Plug in to your social network!

Plug in to your social network!


1.       A supportive system of sharing information and services among individuals and groups having a common interest.

(definition from

Networking really WORKS.

It’s a powerful tool.  It’s a way of opening doors you never even knew existed.

Some of the best things in life are a result of networking: new job offers, travel opportunities, cars, even friendships.  It’s all about interaction with people.  It’s about keeping the lines of communication open and moving, passing on information from person to person.

Chances are, when you make the effort to do so, you’ll end up reaping the benefits.  Someone is bound to know something that you didn’t know before.  That someone could have a connection with a person who could set you up with a job/recommendation/car/restaurant/apartment/roommate/whatever-else-you-may-be-searching-for.

Traveling abroad?

When you’re going to a new country, it can be extremely difficult to find your way in.  Especially if you aren’t familiar with the language or the culture!  If you have never lived in that city before, finding people who are familiar with it makes the whole experience so much better.  It reduces culture shock, and perhaps you can even build new friendships this way.

Networking has been invaluable for me as I continue on my path to France.  While I was in Paris this September, I schmoozed with professionals and expatriates, both young and old.  I learned bits and pieces of interesting information and gathered quite a bit of advice.  I’ve also met some really incredible people along the way!

The great thing is, you don’t have to wait until you get there to start making connections.  Your  networking can start right at home through the wonderful world-wide web.  ( Internetworking ? )  There are plenty of expatriate resources and tips for living overseas that are just at your fingertips – try a Google search on your destination!

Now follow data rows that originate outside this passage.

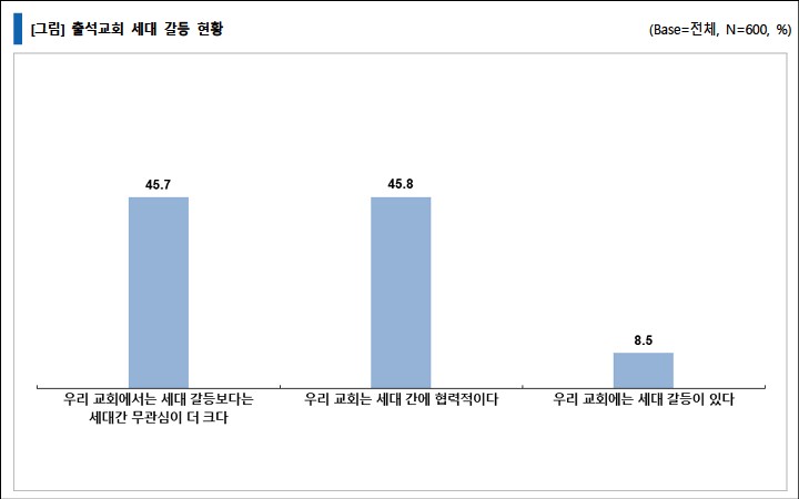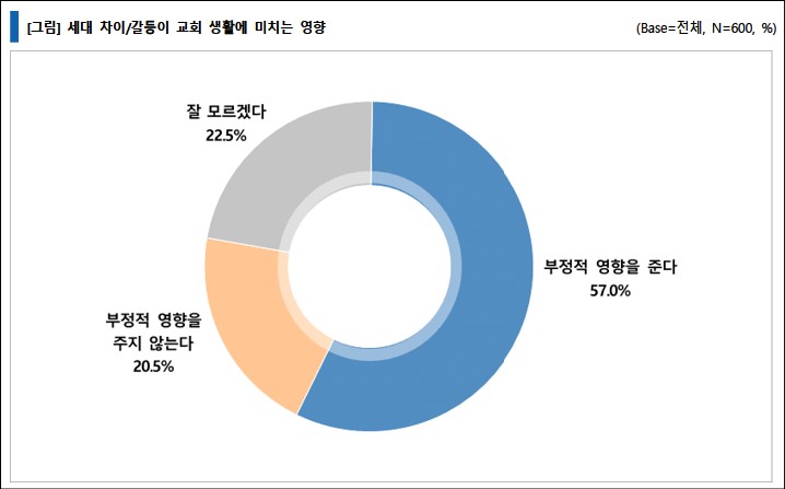 세대 차이와 갈등이 교회 생활에 어떤 영향을 미친다고 생각하는지 질문한 결과, ‘부정적 영향을 준다’고 생각하는 이들은 57.0%로 응답자의 절반 이상이었다. ‘부정적 영향을 주지 않는다‘는 의견은 20.5%로 '부정적 영향을 준다'의 절반 이하로서 응답자들은 세대 차이와 갈등이 미치는 부정적 영향을 심각하게 보고 있다고 할 수 있다.
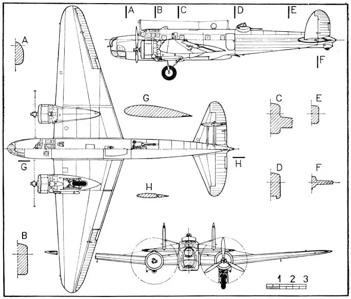 above: NEW! MedRes! Cross section drawing of Savoia Marchetti S.M.79 'Sparviero'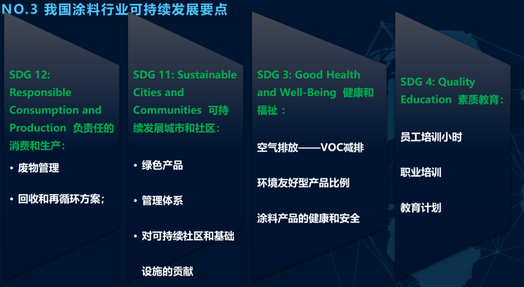 為此,中國涂料行業也要跟上全球涂料行業的發展步伐,要聚焦“負責任的消費和生產”、“可持續發展城市和社區”、“健康和福祉”、“素質教育”這四大關鍵點進行發展。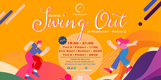 HANOI SWING OUT là chuỗi hoạt động nhảy giao lưu Swing cực kỳ sôi động tại COMPLEX Rooftop (Sân 3 - sân thượng Tầng 3 Tổ hợp COMPLEX 01). HANOI SWING OUT được tổ chức từ tháng 07/2021 đã & đang mang đến một sân chơi cực kỳ sôi động cho bất cứ ai...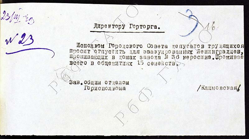 Просьба выделить керосин эвакуированным ленинградцам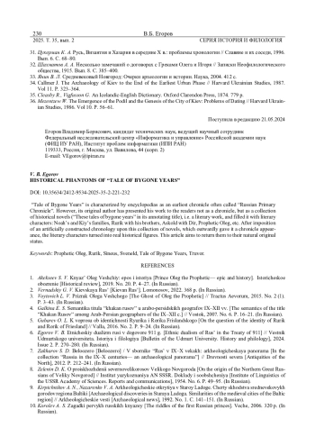 1. Алексеев С. В. Князь Олег Вещий: эпос и история // Историческое обозрение, 2019. № 20. С. 4-27. EDN: YXTWJV
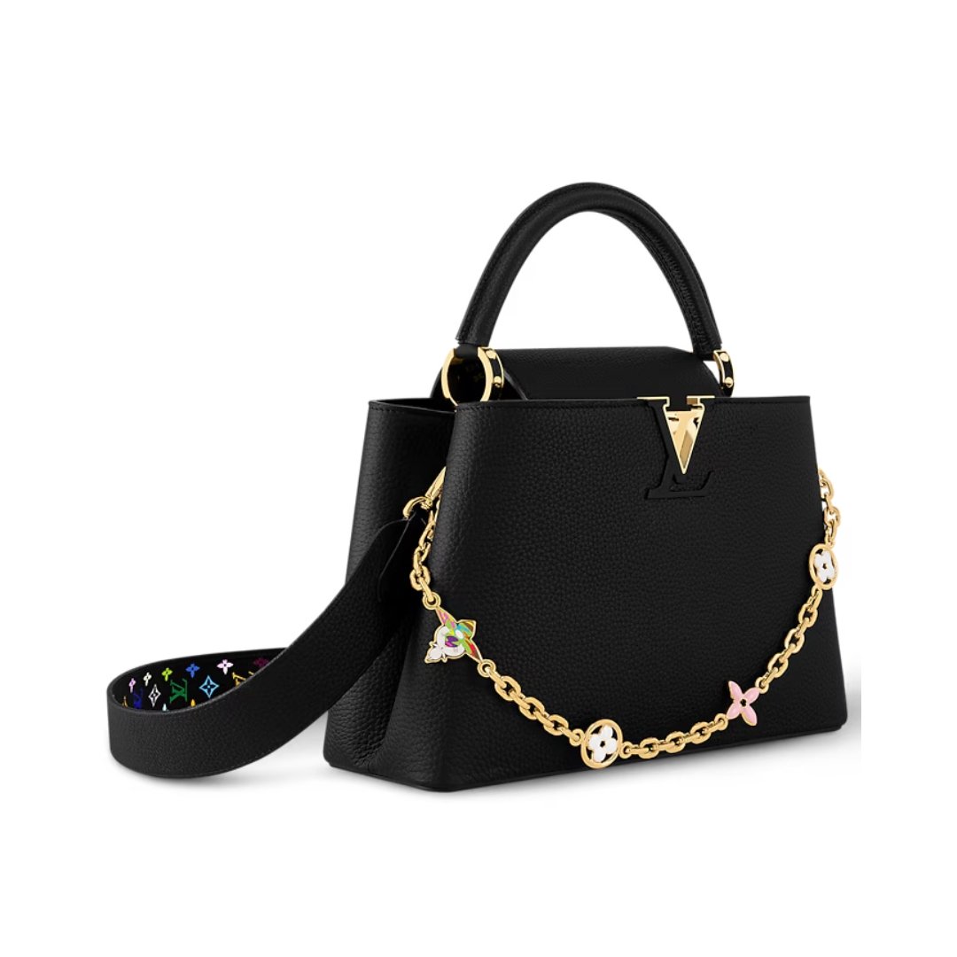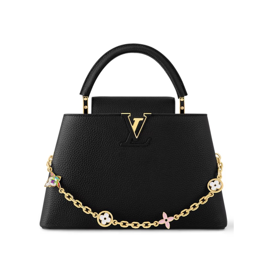● Metallic parts: Gold-plated finishes + chain Monogram charms in multicolored enamel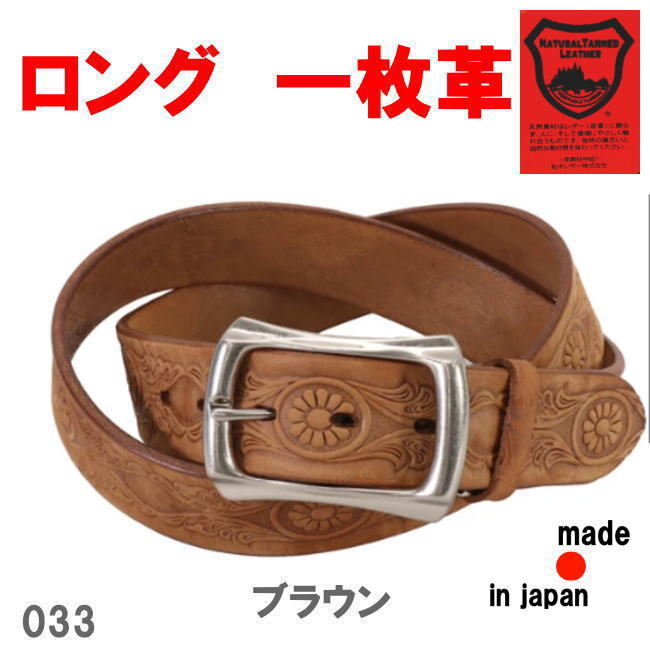 - ブラウン ロング 栃木レザー ムラ染め カービング 型押し 5033 牛革 ベルト 日本製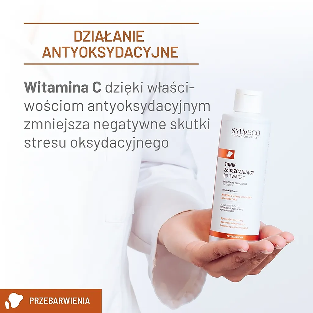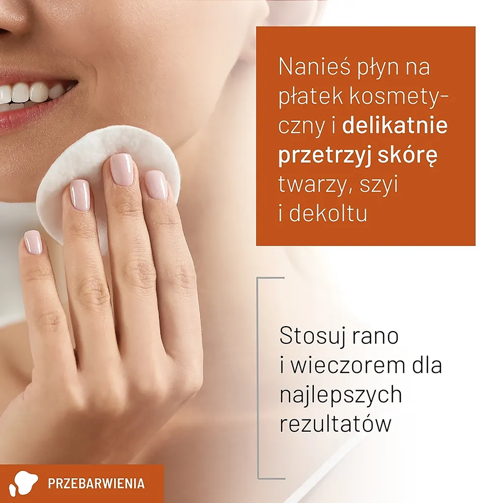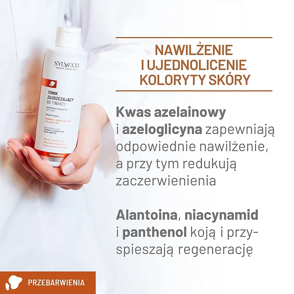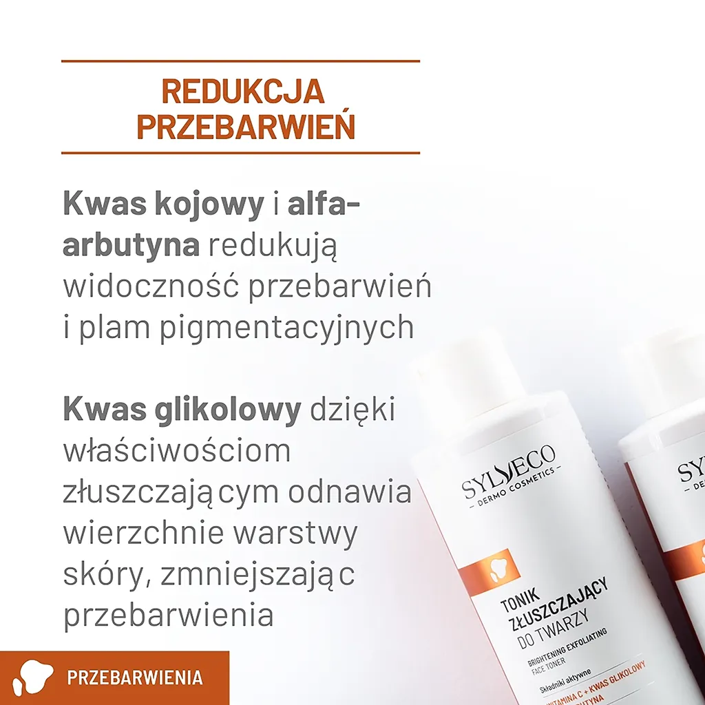 Złuszczający tonik do twarzy powstał z myślą o osobach zmagających się z przebarwieniami posłonecznymi, pozapalnymi, potrądzikowymi, zmianami barwnikowymi i nierównym kolorytem skóry. Zawarte w produkcie kwas kojowy i alfa-arbutyna redukują widoczność przebarwień i plam pigmentacyjnych. Kwas glikolowy dzięki właściwościom złuszczającym odnawia wierzchnie warstwy skóry, zmniejszając przebarwienia.

Perhaps you could also find some people nearby who are interested in the same things.  For example, I’ve got a handful of friends who are also applying for the 2009-2010 assistance, and it has been nice to share my thoughts with them, posing and answering questions about forms, formalities and other important business.  It’s been a real help.  I’ve also recently had some job opportunities spring up thanks to the recommendation of a friend and a business idea of a former teacher.  There is no telling whether or not these opportunities will pan out, but it is certainly worth a try!

A learning experience

Networking is also about learning from the successes and failures of other people.  “Oh, are you thinking about coming to France?  Make sure you don’t do what I did…do this instead…” etc.

A lot of times, you’ll find that you just happen to be in the right place at the right time.  The more you connect with people and exchange ideas and information, the more opportunities will come.  This does not mean that all of them will work out.  However, it does provide a whole lot more to choose from!

That is why I talk about these Paris plans of mine with everyone, in the hopes that I may create another connection with someone who may be able to give advice.

So, just to sum up…here are the benefits to successful social networking:

  • Sharing of resources
  • Sharing of advice
  • Sharing of personal experience – learn from others’ mistakes and successes
  • Encouragement – pressing on, knowing that you’re never alone
  • New opportunities – expanding horizons, opening up doors
  • Learning more about others and yourself

In the spirit of good networking, I have added a new page on the right.

This is for anyone who may also be interested in moving to France.  I am compiling a list of resources that have been particularly useful in my own search for answers.  Please feel free to comment there and let me know if you have any other helpful tips or interesting links that I could add to my répertoire.  I hope you’ll find something there to help you, too!